" En se plaçant à hauteur de regard et de voix (off), juste avant la bascule dans “l’âge ingrat”, le troisième long métrage de Sylvie Verheyde, justement fêté au dernier Festival de Venise, se situe à la lisière de la chronique sur l’enfance, du film de mœurs et du pur objet nostalgique. Il puise à la source de chaque genre, et trouve le bon dosage, à l’origine d’une belle cohésion formelle : alternance des séquences structurées de l’école, et d’un mouvement consubstantiel au regard de l’héroïne.

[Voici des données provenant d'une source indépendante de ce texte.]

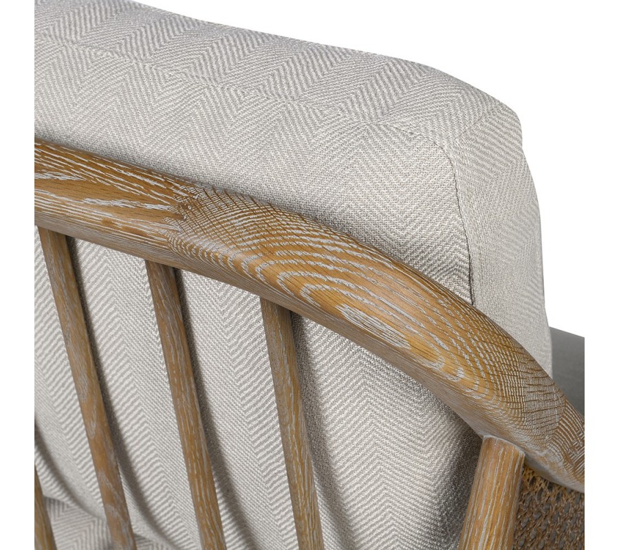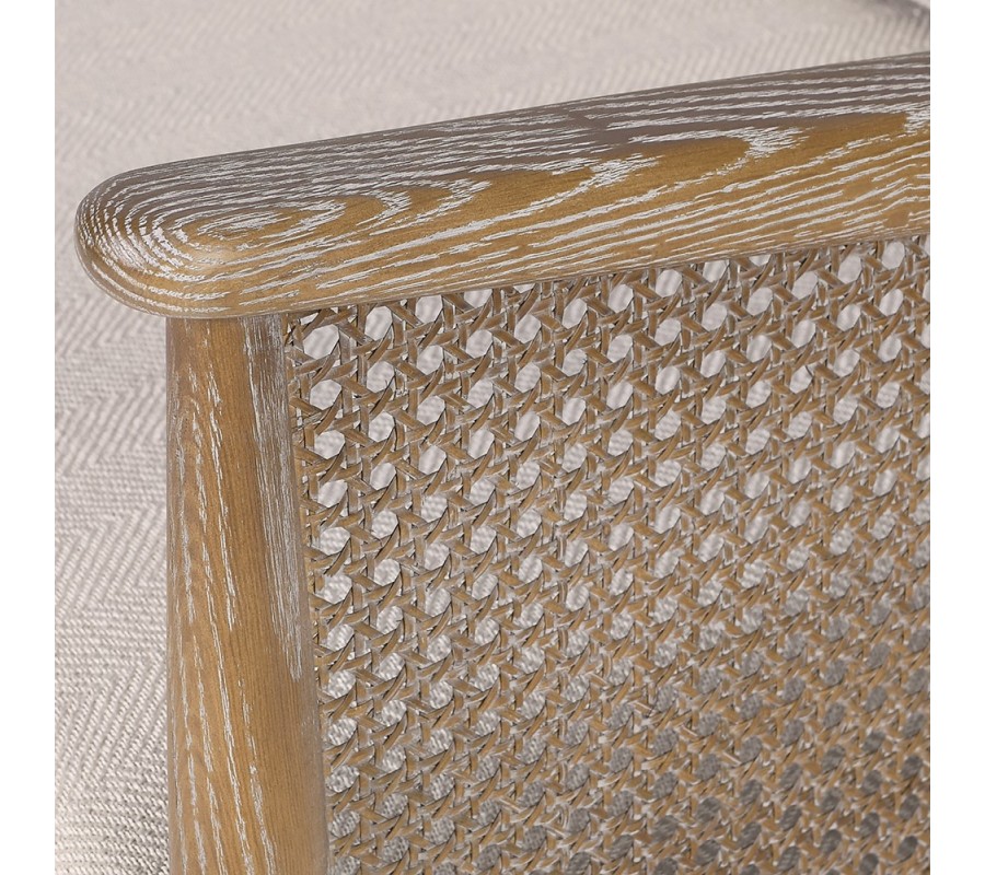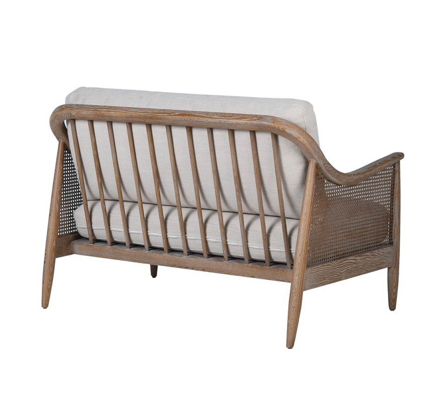 Boční strany zdobí vídeňský výplet, který přináší lehkost a vzdušnost do celkového designu. Ze zadní strany je sedačka řešená soustavou jedenácti plochých dřevěných prutů, které tvoří oporu pro opěradlový polštář a zároveň vizuálně navazují na boční výplet. Tento detail dělá ze sedačky nejen funkční, ale také dekorativní prvek interiéru.

Jamais figées, les figures du réel ont cette espèce d’éclat fuyant, ce tourbillon précis, identifié, conforme au regard sélectif d’une conscience encore enfantine. La caméra épouse ce qu’elle devine et projette du rythme intime de Stella. Le mouvement émane aussi des sujets filmés, dans la veine d’un naturalisme heureux à la Renoir : dans le rendu d’une atmosphère de café, Sylvie Verheyde s’éclate (elle a grandi dans ce milieu, Stella c’est évidemment elle), les acteurs aussi. Benjamin Biolay en papa accro au pastis, Karole Rocher en femme à poigne brisée, et Johan Libéreau, barman à la présence apaisante, tous sont simplement géniaux. Ils recomposent, avec la faune du café – épicuriens éclopés, abîmés, avinés –, un improbable cercle familial autour de l’héroïne.
Car Stella, bien que chevillé à l’enfance, est également un merveilleux film de bande, de l’être-ensemble, passant par une circulation de la tendresse, de la violence – un élan collectif.

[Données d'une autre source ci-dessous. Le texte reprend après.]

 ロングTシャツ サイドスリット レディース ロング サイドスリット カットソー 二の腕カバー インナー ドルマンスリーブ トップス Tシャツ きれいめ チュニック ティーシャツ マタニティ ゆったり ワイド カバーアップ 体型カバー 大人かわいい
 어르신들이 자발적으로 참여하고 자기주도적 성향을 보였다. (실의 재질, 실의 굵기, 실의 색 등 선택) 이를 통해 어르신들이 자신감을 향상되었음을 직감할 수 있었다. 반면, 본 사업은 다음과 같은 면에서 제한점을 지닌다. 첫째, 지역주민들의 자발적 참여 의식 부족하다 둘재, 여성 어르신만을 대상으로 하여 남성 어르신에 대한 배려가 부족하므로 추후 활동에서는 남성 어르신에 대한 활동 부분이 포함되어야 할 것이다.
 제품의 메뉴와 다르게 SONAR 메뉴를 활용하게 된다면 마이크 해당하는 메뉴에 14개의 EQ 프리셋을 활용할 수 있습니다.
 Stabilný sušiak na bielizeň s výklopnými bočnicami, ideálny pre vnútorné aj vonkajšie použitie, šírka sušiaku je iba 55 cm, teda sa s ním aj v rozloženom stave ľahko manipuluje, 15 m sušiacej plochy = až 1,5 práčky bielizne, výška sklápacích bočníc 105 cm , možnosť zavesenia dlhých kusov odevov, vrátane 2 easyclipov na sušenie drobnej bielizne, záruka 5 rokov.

A ce stade, le film se laisse volontiers déborder par son double fond nostalgique, hommage à une époque. On aime le marcel blanc de Biolay, et ce bracelet en mailles argentées orné de son prénom, qui fit fureur jusqu’à la fin des années 80. On aime encore plus le défilé de tubes (Où sont les femmes ? de Patrick Juvet, Couleur menthe à l’eau d’Eddy Mitchell), qui s’emparent des scènes sans prévenir, parenthèses savoureuses au premier plan desquelles Stella va opérer sa mue. Un très beau film."